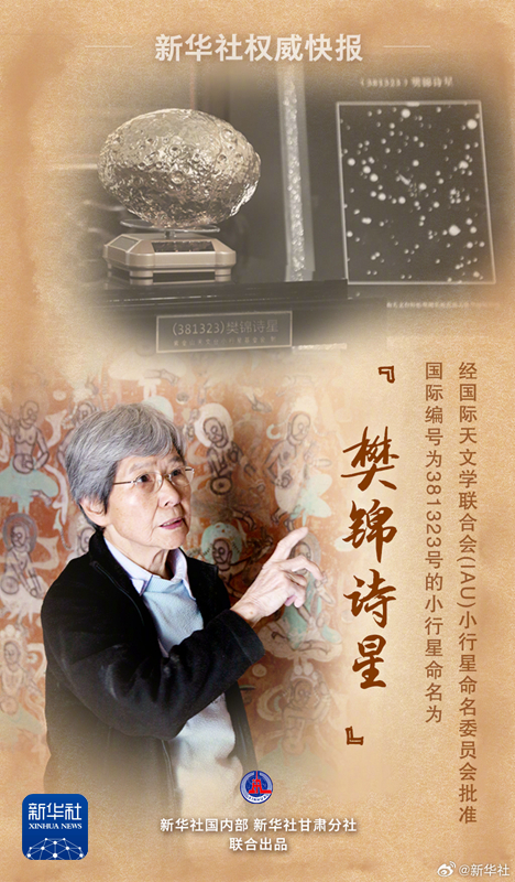 7月10日,樊錦詩(shī)從事敦煌文物工作60年座談會(huì)在敦煌舉行。會(huì)上正式命名了編號(hào)381323小行星為#樊錦詩(shī)星#。繼向北京大學(xué)捐資1000萬(wàn)元支持敦煌學(xué)研究后,樊錦詩(shī)再向中國(guó)敦煌石窟保護(hù)研究基金會(huì)捐資1000萬(wàn)元,用于敦煌文物事業(yè)發(fā)展和急需人才培養(yǎng)。捐款來(lái)自樊錦詩(shī)所獲獎(jiǎng)金及個(gè)人積蓄。(記者:張玉潔 施雨岑 張智敏)
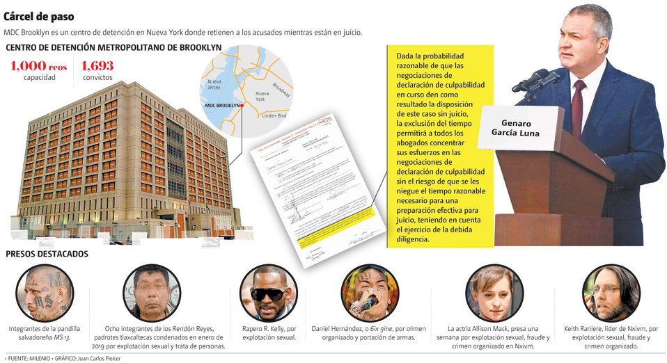En documentos liberados por la fiscalía de la Corte Federal del Distrito Este de Nueva York (EDNY) se evidencia parte del acuerdo de negociación que buscan alcanzar García Luna y el Departamento de Justicia, quienes consideraron “razonable” la posibilidad de alcanzar un convenio que evite un juicio prolongado.
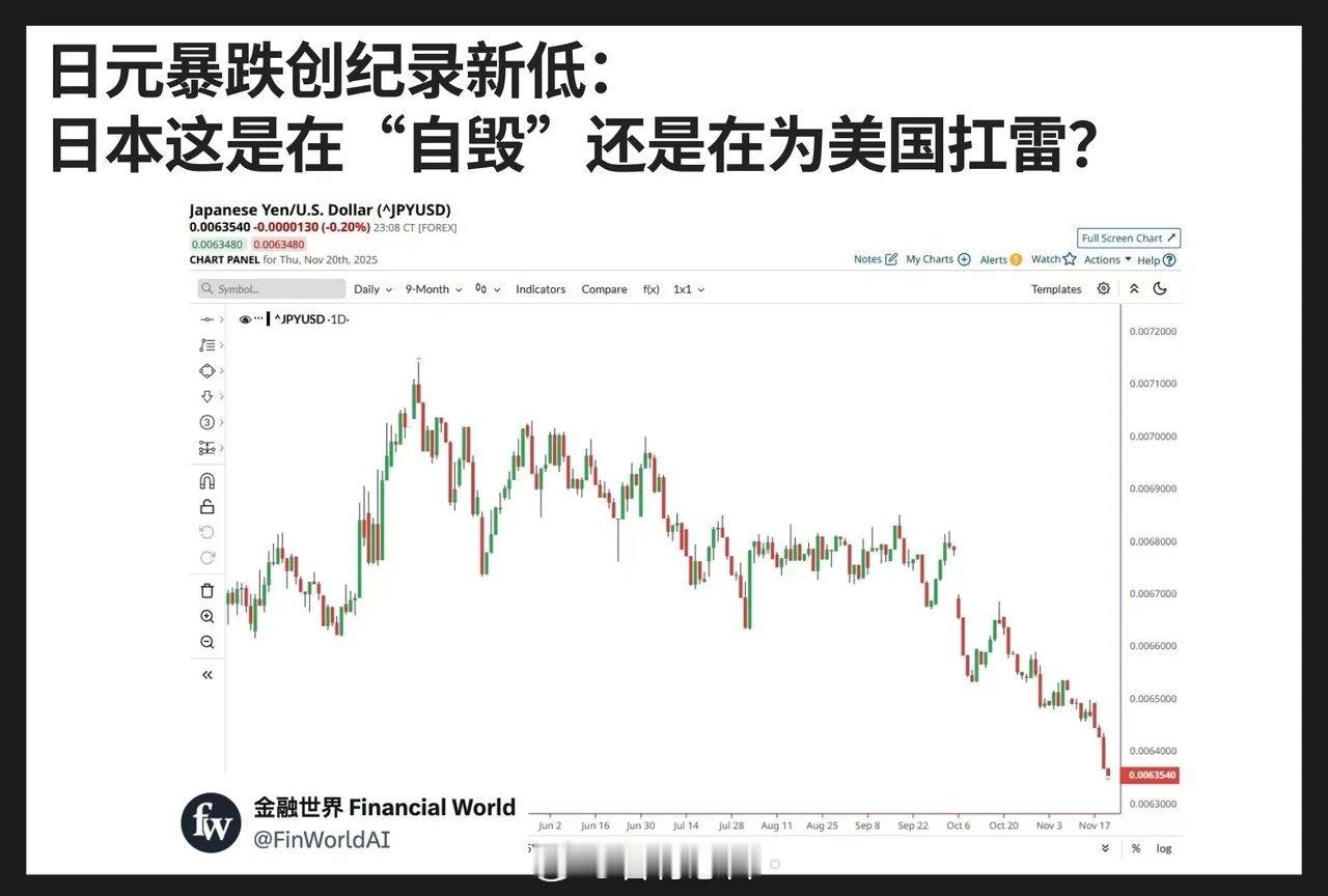 日元又崩了。图里这根直线式下坠,已经不是贬值,是自由落体。日元跌到0.0063,创下阶段新低,日本正把自己的货币往废纸方向推进。为什么日本要疯狂贬?因为它没有选择。通胀三十年压不住、利率抬不起来、债务压到天花板。但一旦加息,日本财政会被利息压力瞬间击穿,只能继续保持超低利率,任由日元被市场无情抛售。更讽刺的是,日本越弱,美元越强,美国越开心。全球资金抱美元,日本成了美债体系的稳定器甚至牺牲品。这波暴跌意味着:日本人资产购买力继续蒸发;企业成本飙升,但工资涨不动;游客狂刷日本打折季,本地人却越来越穷;美日经济关系更加不对等一句话,当一个发达国家把货币贬到发展中国家水平,它不是没看到悬崖,而是根本不知道哪里还有路可走。日元跌成这样,日本经济离摊牌不远了。
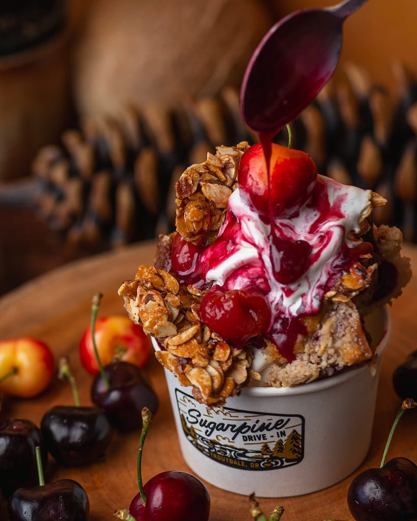 Each one is dog-friendly, teen-approved, and worth the stop — whether you’re heading home sweaty from Eagle Creek or just made the drive to Troutdale for Sugarpine’s seasonal Cherries Jubilee Sundae.

**REQUIREMENT**
The whole listing must come back verbatim, with no pictures included.

**WRITTEN ANSWER**
 7月10日,樊錦詩(shī)從事敦煌文物工作60年座談會(huì)在敦煌舉行。會(huì)上正式命名了編號(hào)381323小行星為#樊錦詩(shī)星#。繼向北京大學(xué)捐資1000萬(wàn)元支持敦煌學(xué)研究后,樊錦詩(shī)再向中國(guó)敦煌石窟保護(hù)研究基金會(huì)捐資1000萬(wàn)元,用于敦煌文物事業(yè)發(fā)展和急需人才培養(yǎng)。捐款來(lái)自樊錦詩(shī)所獲獎(jiǎng)金及個(gè)人積蓄。(記者:張玉潔 施雨岑 張智敏)
En documentos liberados por la fiscalía de la Corte Federal del Distrito Este de Nueva York (EDNY) se evidencia parte del acuerdo de negociación que buscan alcanzar García Luna y el Departamento de Justicia, quienes consideraron “razonable” la posibilidad de alcanzar un convenio que evite un juicio prolongado.
 日元又崩了。图里这根直线式下坠,已经不是贬值,是自由落体。日元跌到0.0063,创下阶段新低,日本正把自己的货币往废纸方向推进。为什么日本要疯狂贬?因为它没有选择。通胀三十年压不住、利率抬不起来、债务压到天花板。但一旦加息,日本财政会被利息压力瞬间击穿,只能继续保持超低利率,任由日元被市场无情抛售。更讽刺的是,日本越弱,美元越强,美国越开心。全球资金抱美元,日本成了美债体系的稳定器甚至牺牲品。这波暴跌意味着:日本人资产购买力继续蒸发;企业成本飙升,但工资涨不动;游客狂刷日本打折季,本地人却越来越穷;美日经济关系更加不对等一句话,当一个发达国家把货币贬到发展中国家水平,它不是没看到悬崖,而是根本不知道哪里还有路可走。日元跌成这样,日本经济离摊牌不远了。
 Each one is dog-friendly, teen-approved, and worth the stop — whether you’re heading home sweaty from Eagle Creek or just made the drive to Troutdale for Sugarpine’s seasonal Cherries Jubilee Sundae.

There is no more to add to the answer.